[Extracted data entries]
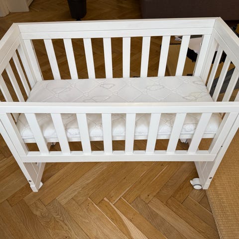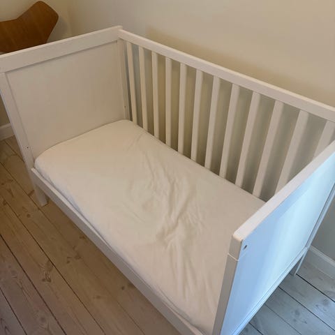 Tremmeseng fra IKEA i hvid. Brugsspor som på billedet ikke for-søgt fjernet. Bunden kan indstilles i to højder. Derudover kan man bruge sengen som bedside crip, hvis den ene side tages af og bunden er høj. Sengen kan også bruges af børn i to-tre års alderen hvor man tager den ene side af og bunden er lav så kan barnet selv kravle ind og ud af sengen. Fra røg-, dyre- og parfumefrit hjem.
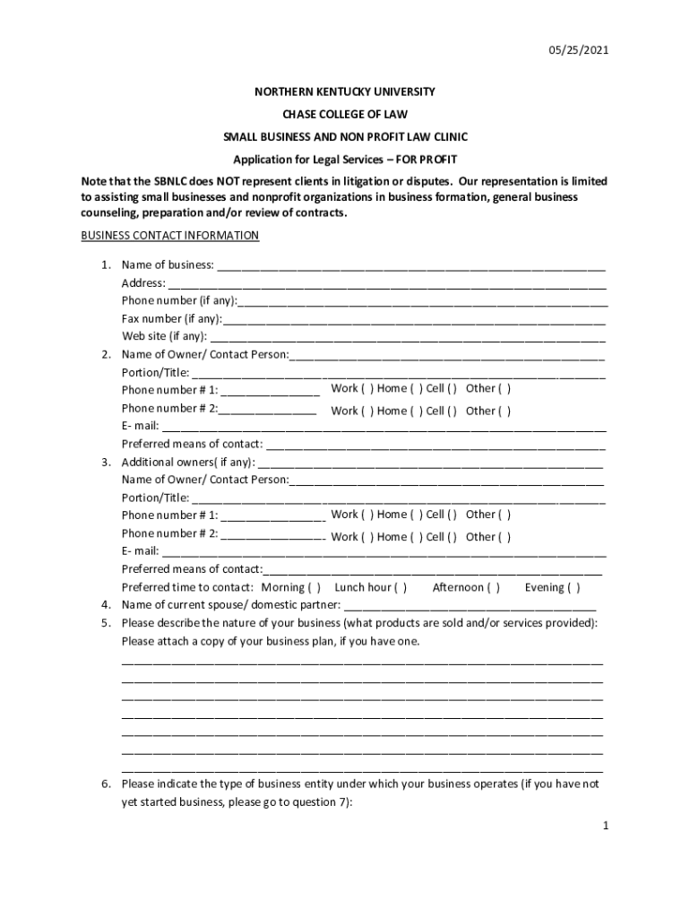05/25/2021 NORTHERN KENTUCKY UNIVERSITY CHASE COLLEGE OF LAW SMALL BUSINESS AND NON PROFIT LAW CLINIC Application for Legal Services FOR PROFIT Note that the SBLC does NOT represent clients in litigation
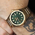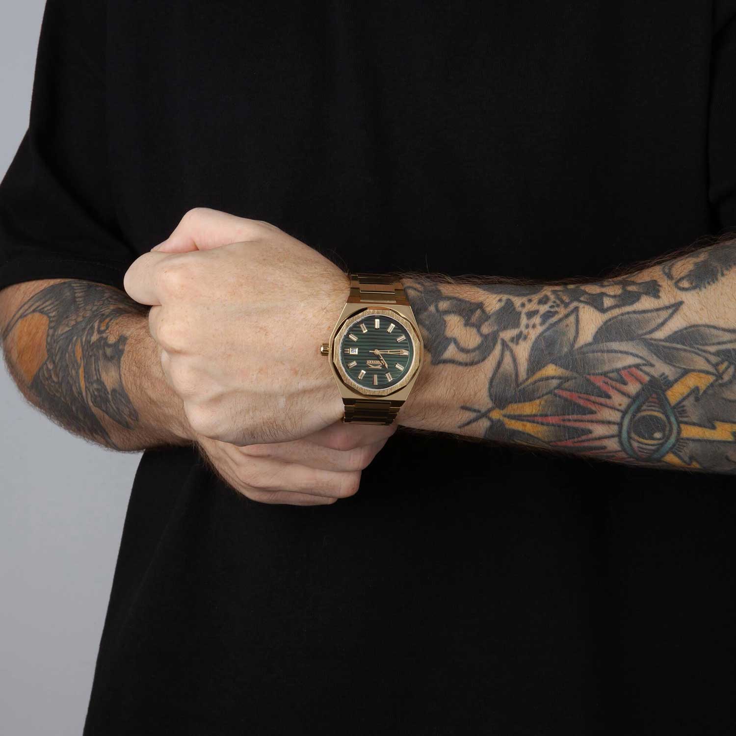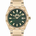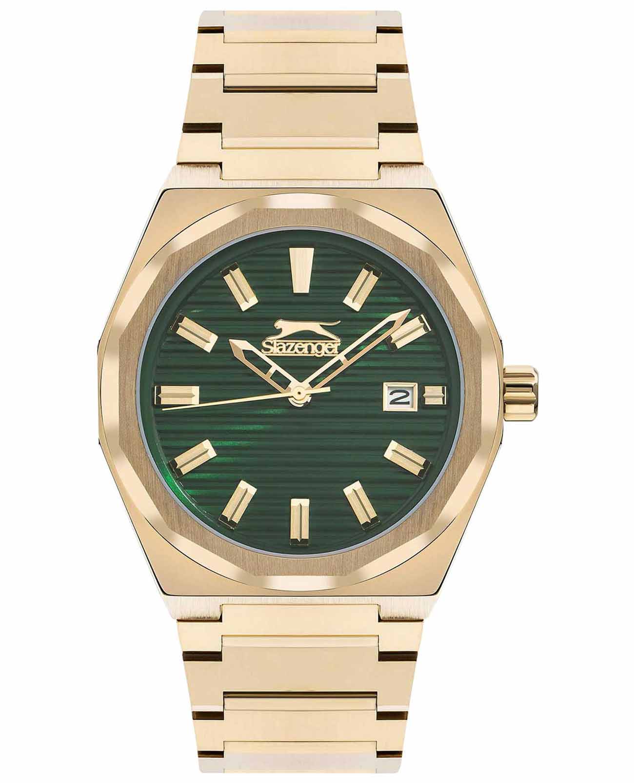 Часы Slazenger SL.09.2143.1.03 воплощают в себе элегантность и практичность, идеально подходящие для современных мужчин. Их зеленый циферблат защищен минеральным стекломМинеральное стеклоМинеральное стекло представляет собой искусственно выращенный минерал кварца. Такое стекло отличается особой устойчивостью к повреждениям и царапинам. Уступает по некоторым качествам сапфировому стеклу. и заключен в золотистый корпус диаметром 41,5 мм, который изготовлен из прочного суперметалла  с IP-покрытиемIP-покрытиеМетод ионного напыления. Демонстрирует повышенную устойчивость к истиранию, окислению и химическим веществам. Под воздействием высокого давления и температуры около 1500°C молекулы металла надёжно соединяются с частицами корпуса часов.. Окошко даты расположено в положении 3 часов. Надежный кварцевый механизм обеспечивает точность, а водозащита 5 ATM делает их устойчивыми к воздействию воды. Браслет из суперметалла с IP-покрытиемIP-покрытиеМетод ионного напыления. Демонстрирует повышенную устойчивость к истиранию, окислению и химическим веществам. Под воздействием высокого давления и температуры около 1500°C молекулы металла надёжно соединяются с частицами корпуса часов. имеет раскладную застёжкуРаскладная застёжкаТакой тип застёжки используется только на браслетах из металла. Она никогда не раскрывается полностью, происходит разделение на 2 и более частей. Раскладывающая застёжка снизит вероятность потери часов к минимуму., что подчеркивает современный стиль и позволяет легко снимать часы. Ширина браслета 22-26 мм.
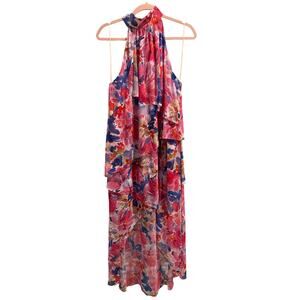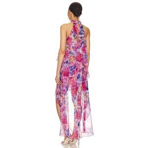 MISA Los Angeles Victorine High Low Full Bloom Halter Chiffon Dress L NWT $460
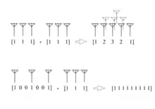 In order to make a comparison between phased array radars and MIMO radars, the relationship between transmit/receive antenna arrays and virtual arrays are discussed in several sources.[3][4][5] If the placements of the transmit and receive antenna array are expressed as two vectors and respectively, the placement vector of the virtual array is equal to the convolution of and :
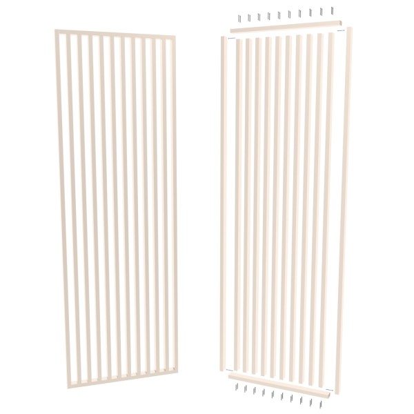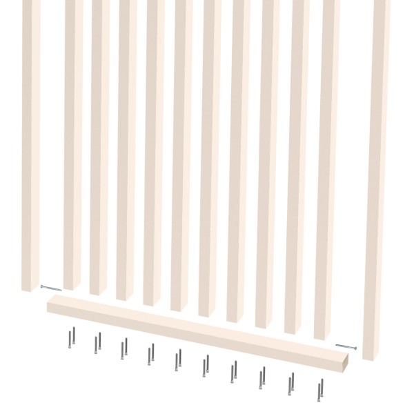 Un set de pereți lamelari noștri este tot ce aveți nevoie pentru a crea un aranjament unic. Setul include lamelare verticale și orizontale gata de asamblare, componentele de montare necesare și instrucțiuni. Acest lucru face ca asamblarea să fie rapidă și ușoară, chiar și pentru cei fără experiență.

## What is needed
Please repeat the entries exactly. Do not include the pictures.

## Response to this task
 Tremmeseng fra IKEA i hvid. Brugsspor som på billedet ikke for-søgt fjernet. Bunden kan indstilles i to højder. Derudover kan man bruge sengen som bedside crip, hvis den ene side tages af og bunden er høj. Sengen kan også bruges af børn i to-tre års alderen hvor man tager den ene side af og bunden er lav så kan barnet selv kravle ind og ud af sengen. Fra røg-, dyre- og parfumefrit hjem.
05/25/2021 NORTHERN KENTUCKY UNIVERSITY CHASE COLLEGE OF LAW SMALL BUSINESS AND NON PROFIT LAW CLINIC Application for Legal Services FOR PROFIT Note that the SBLC does NOT represent clients in litigation
 Часы Slazenger SL.09.2143.1.03 воплощают в себе элегантность и практичность, идеально подходящие для современных мужчин. Их зеленый циферблат защищен минеральным стекломМинеральное стеклоМинеральное стекло представляет собой искусственно выращенный минерал кварца. Такое стекло отличается особой устойчивостью к повреждениям и царапинам. Уступает по некоторым качествам сапфировому стеклу. и заключен в золотистый корпус диаметром 41,5 мм, который изготовлен из прочного суперметалла  с IP-покрытиемIP-покрытиеМетод ионного напыления. Демонстрирует повышенную устойчивость к истиранию, окислению и химическим веществам. Под воздействием высокого давления и температуры около 1500°C молекулы металла надёжно соединяются с частицами корпуса часов.. Окошко даты расположено в положении 3 часов. Надежный кварцевый механизм обеспечивает точность, а водозащита 5 ATM делает их устойчивыми к воздействию воды. Браслет из суперметалла с IP-покрытиемIP-покрытиеМетод ионного напыления. Демонстрирует повышенную устойчивость к истиранию, окислению и химическим веществам. Под воздействием высокого давления и температуры около 1500°C молекулы металла надёжно соединяются с частицами корпуса часов. имеет раскладную застёжкуРаскладная застёжкаТакой тип застёжки используется только на браслетах из металла. Она никогда не раскрывается полностью, происходит разделение на 2 и более частей. Раскладывающая застёжка снизит вероятность потери часов к минимуму., что подчеркивает современный стиль и позволяет легко снимать часы. Ширина браслета 22-26 мм.
 MISA Los Angeles Victorine High Low Full Bloom Halter Chiffon Dress L NWT $460
 In order to make a comparison between phased array radars and MIMO radars, the relationship between transmit/receive antenna arrays and virtual arrays are discussed in several sources.[3][4][5] If the placements of the transmit and receive antenna array are expressed as two vectors and respectively, the placement vector of the virtual array is equal to the convolution of and :
 Un set de pereți lamelari noștri este tot ce aveți nevoie pentru a crea un aranjament unic. Setul include lamelare verticale și orizontale gata de asamblare, componentele de montare necesare și instrucțiuni. Acest lucru face ca asamblarea să fie rapidă și ușoară, chiar și pentru cei fără experiență.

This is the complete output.